Coverage-based transcript detection

There are numerous tools available for the detection of transcripts (e.g., [42]), but most of them are optimized for the assembly of eukaryotic transcripts. Because of this, we combined several heuristics to perform such predictions. Nucleotide coverage data are used for defining the expressed regions, and genome annotations are applied for extending or merging the gene expressed regions to form complete transcripts. Several parameters such as the threshold of coverage values can be set by the user to fine-tune the predictions (Fig. 3).

Figure 3:

Coverage-based transcript detection. If the coverage (blue curve-blocks) is higher than a given coverage cutoff value (dashed line), a transcript will be called. The user can set a tolerance value (i.e., a number of nucleotides with a coverage below the cutoff) on which basis gapped transcripts are merged or are kept separated. Information of gene positions can also be used to merge transcripts in case two of them overlap with the same gene.

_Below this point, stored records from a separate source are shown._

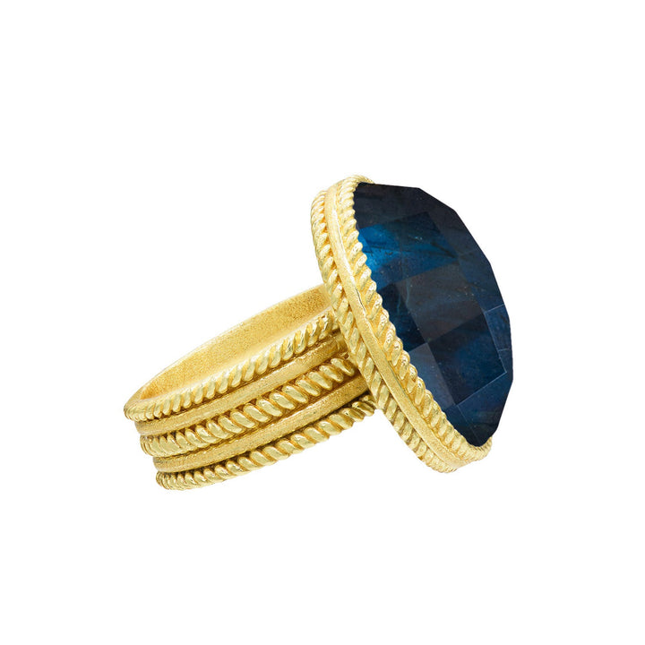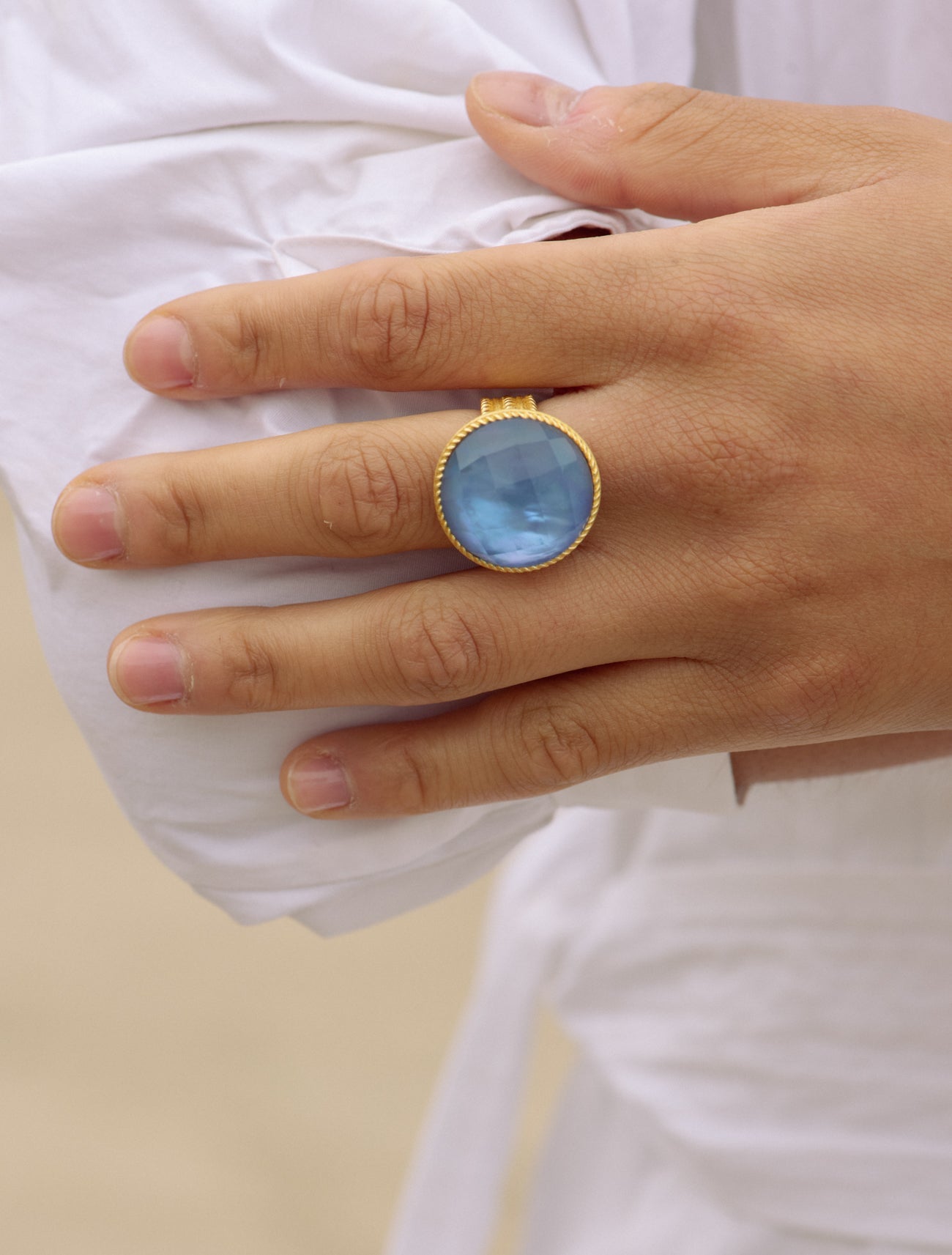 These Colette Rings by Marcia Moran are the perfect statement piece. Crafted with 18k gold plating, the ring features a large circle stone in the center, accompanied by a textured side and band, adding an extra dimension to its bold and sophisticated design.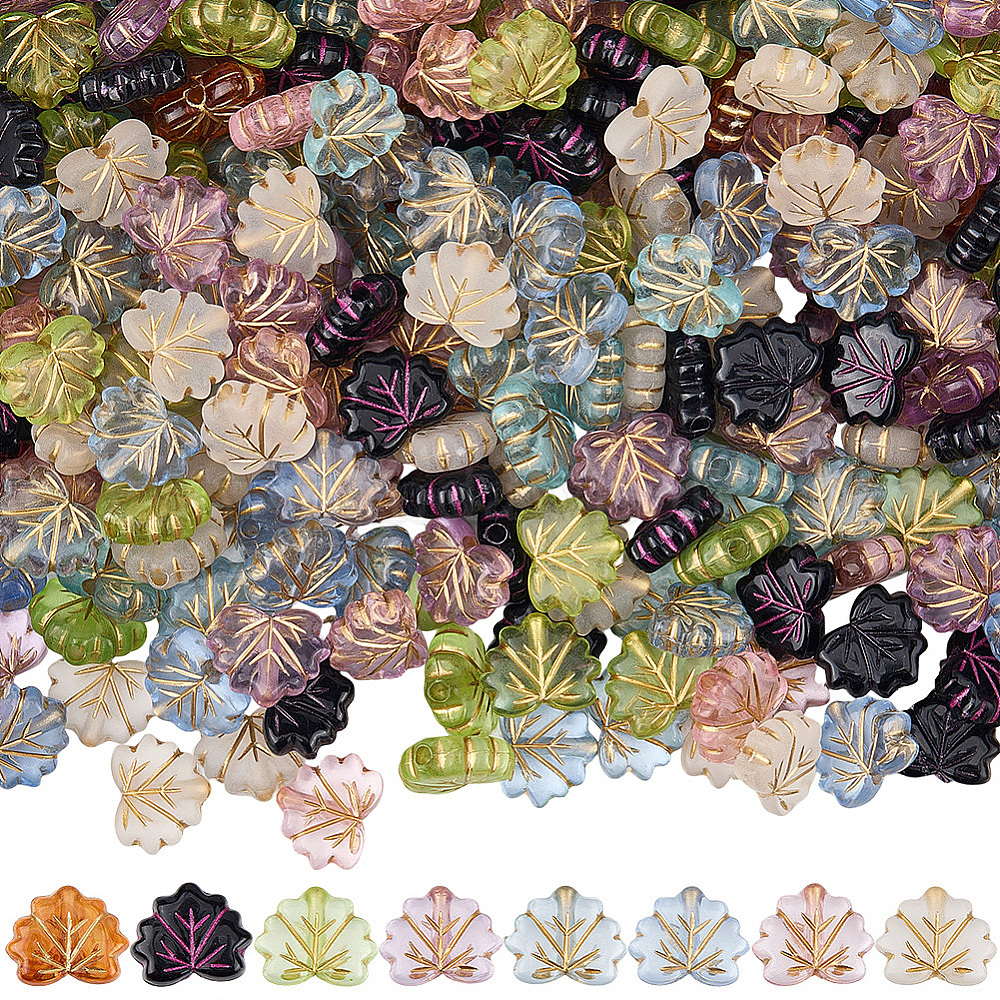 320шт. 8 цветов акриловых бусин, золотой металл обвитыми, лист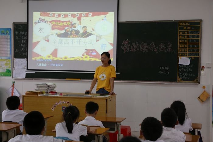 各班结合本班的实际情况,开展形式多样的主题班会活动。高年级的同学亲自策划主持,从体力劳动到脑力劳动,再上升到家国情怀,图文并茂的让同学们深刻的理解到劳动的重要性。中年级的同学通过唱劳动歌曲,激发劳动热情。并在课堂上体验怎样叠衣服、洗鞋子……不但让学生掌握技能,也让学生明白原来劳动也有很多技巧。低年级的同学则通过欣赏学生劳动的图片和视频,让他们知道,年纪小也可以做很多力所能及的家务劳动,同时也感受到劳动的喜悦。最后各班主任还总结了上两周学生开展活动的情况,表扬了优秀学生。

By running ANNOgesic’s subcommand for transcript prediction, we detected 1,716 transcripts in H. pylori 26695 and 1,147 transcripts in C. jejuni 81116. These transcripts cover 1,520 and 1,568 genes, which shows that 97% and 93% of the known genes are expressed in at least one condition, respectively.

Transcriptional start sites

For the prediction of TSSs, ANNOgesic builds on TSSpredator [17], which takes dRNA-seq coverage data as input. The outcome of TSSpredator’s predictions depends strongly on the setting of numerous parameters, and fine-tuning those can be time consuming. Because of this, a parameter optimization was implemented in ANNOgesic that builds on a small, manually curated set of TSSs to find optimal values.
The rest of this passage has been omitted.